Figure 1: General map of area, showing location of Santorini (Thera) caldera and the Kolumbo submarine volcano and the distribution of the Minoan submarine pyroclastic flow deposit. The black dashed lines are seismic surveys. The red lines are contour lines of thickness of the Minoan submarine pyroclastic deposit, in meters. The dashed red line is the outer limit of the submarine deposit from this eruption. Click image for larger view and image credit

Thera 2006 Expedition Summary

Haraldur Sigurdsson
Steven Carey
Graduate School of Oceanography
University of Rhode Island

Introduction

Sometimes when you go exploring for one thing, you find something totally different and unexpected. That is the true nature of discovery and it was shown very well during the oceanographic expeditions that we conducted in the Santorini and Kolumbo submarine volcanic areas in Greece in the summer of 2006. Santorini is a world-famous volcano because of its huge eruption in the Bronze Age, about 1630 BC, but right next to it is the unknown submarine crater of Kolumbo, which erupted in 1650 AD. In collaboration with the Hellenic Centre for Marine Research in Greece (HCMR), oceanographers from the University of Rhode Island carried out two research cruises to this area from April to July 2006, on the ships R/V Aegaeo and R/V Endeavor, using a variety of research tools, including the IFE ROV’s Hercules and Argus.

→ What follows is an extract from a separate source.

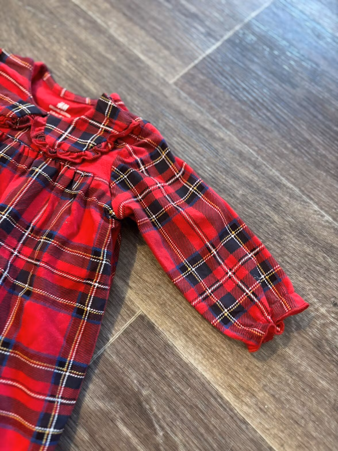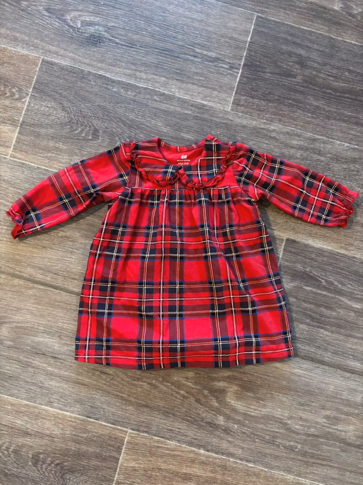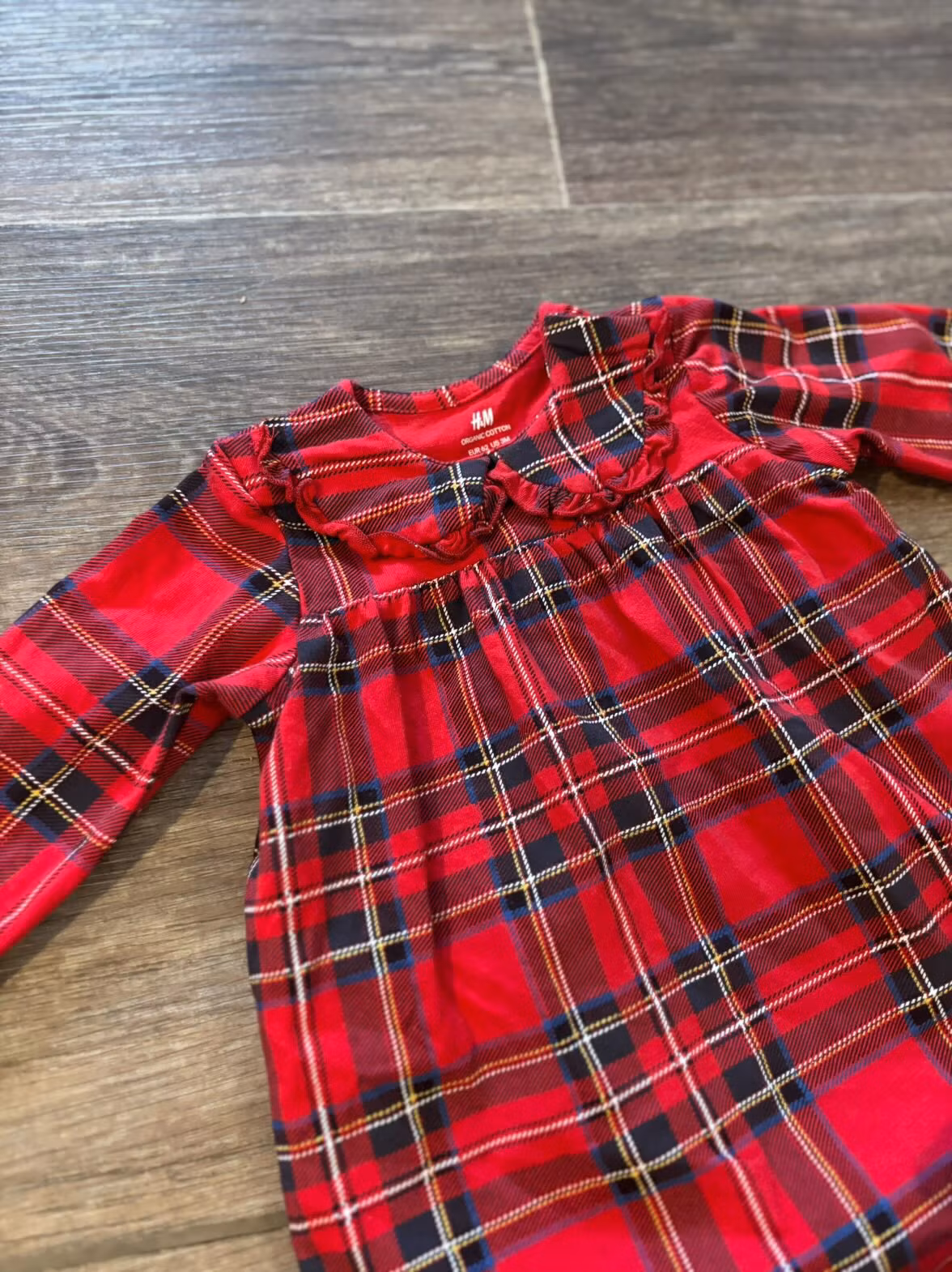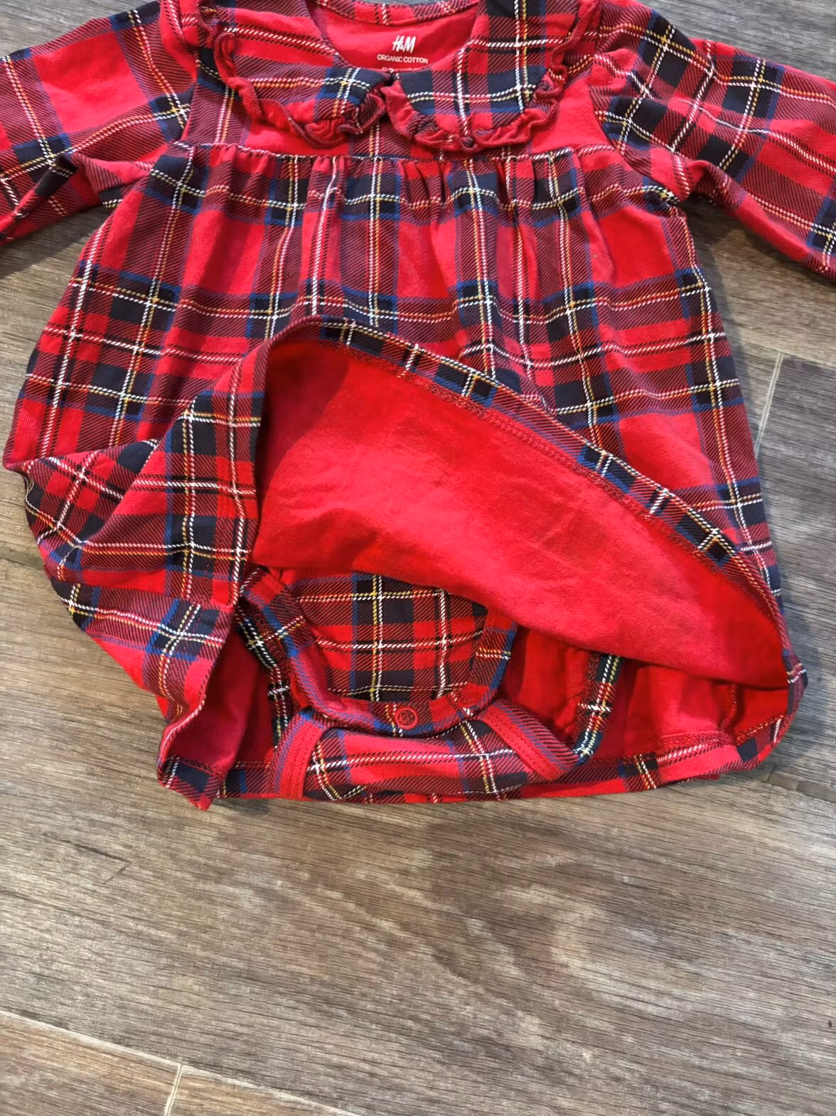 Röd rutig klänning med en body fastsydd undertill. Se bild. Otroligt smidigt. Passar toppen tillsammans med ett par strumpbyxor.Är i storlek 62 och kommer från

The primary goal of the mission was to determine the extent and volume of the submarine pyroclastic deposits from the Minoan eruption that are distributed on the seafloor around Santorini. Not only was this goal was accomplished, but a lot of other fascinating information came to light, as described below. For more detailed information and daily logs of the expedition, see the Thera web site: http://www.uri.edu/endeavor/thera/index.html

Kolumbo Submarine Volcano

Figure 2: Map of the Kolumbo submarine crater and other submarine cones on the north-east trending Kolumbo volcano-tectonic rift. Click image for larger view and image credit

Figure 3: A high-temperature hydrothermal vent in the Kolumbo submarine crater, discharging gases. Click image for larger view and image credit

Extending from the northeast part of Santorini there is a line of about twenty submarine volcanic cones. By far the largest one is the Kolumbo submarine crater (fig. 1), with a crater that is about 1.5 km in diameter. Kolumbo was discovered in 1650 AD, when a major explosive eruption broke the ocean surface, sending destructive pyroclastic surges across the sea to the coast of Santorini. Up to 70 people died on Santorini as a result. The eruption built up a small white pumice island on the crater rim, but it was quickly destroyed by the ocean waves. This is virtually all we knew about the Kolumbo submarine crater until in April 2006, when our expedition began. During the two cruises Kolumbo was probed, using seismic surveying, SeaBeam mapping and ROV exploration (MaxRover and Hercules). We found that the floor of the Kolumbo crater is about 505 m below sea level, but the shallowest point on the south-west crater rim is only ten meters below the surface (figure 2). We sent the ROV Hercules down to the bottom to explore it further. We had an indication from earlier dives conducted by HCMR, that there was an unusual biological community inside the crater, but we never expected this! When Hercules was about half-way down to the bottom, at 250 to 300 m depth, the normally clear Mediterranean water turned very murky, with marine snow or very abundant suspended bacterial filaments and particles reducing the visibility.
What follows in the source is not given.